Co2([N(CN)2]4bpym).H2O (1) and M([N(CN)2]2bpym).H2O [M = Mn (2a), Fe (2b), Co (2c); bpym = 2,2'-bipyrimidine] have been synthesized and characterized structurally and magnetically. All of the compounds crystallize in the orthorhombic space group Pnma. The unit cell parameters for 1 are a = 16.1684(5) A, b = 12.9860(3) A, c = 10.4207(3) A, and Z = 4. Compound 1 is a 2-D layered structure with water intercalated between sheets. The sheets are composed of ...M-[NCNCN]2-M-bpym-M-[NCNCN]2-M... chains, which are linked together by dicyanamides. 2a-c are isomorphic with the unit cell parameters a = 17.5112(4) A, b = 11.9955(4) A, c = 7.4684(2) A for 2a, a = 17.5814(7) A, b = 11.9453(5) A, c = 7.3292(3) A for 2b, a = 17.8642(2) A, b = 11.9216(2) A, c = 7.2860(2) A for 2c, and Z = 4 for all. They crystallize as chains containing metal centers coordinated to two bridging dicyanamides, one terminal dicyanamide, one terminal chelating bpym, and one water molecule. 2a-c are the first examples of compounds containing terminal and mu-bound dicyanamides in the same structure. The broad maximum in the magnetic susceptibility of 1 could not be fit to any known dimer models.
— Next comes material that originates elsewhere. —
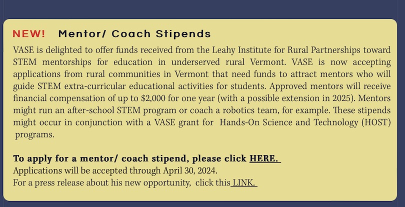 Finally.. if you or someone you know is a coach or mentor to an extracurricular science or technology activity like a science club or FIRST Robotics you may be eligible for up to $2000 as a coach/mentor stipend. These grants are available thanks to the generosity of the Leahy Center on Rural Partnerships. (Note due to the rural focus these grants are not available in Chittenden county) .The grant application is due by end of dat on April 30th. To learn more please check out the application here.

However, the high-temperature data were fit to the Curie-Weiss expression with g = 2.86 and theta = -42 K. 2a-c could best be modeled as uniform 1-D chains with g = 2.04, theta = -0.76, and J/kB = -0.15 K for 2a, g = 2.34, theta = -7.6, and J/kB = -0.42 K for 2b, and g = 2.58, theta = -5.4, and J/kB = -1.42 K for 2c. Because of small exchange coupling throughout the extended networks, no long-range magnetic ordering was observed.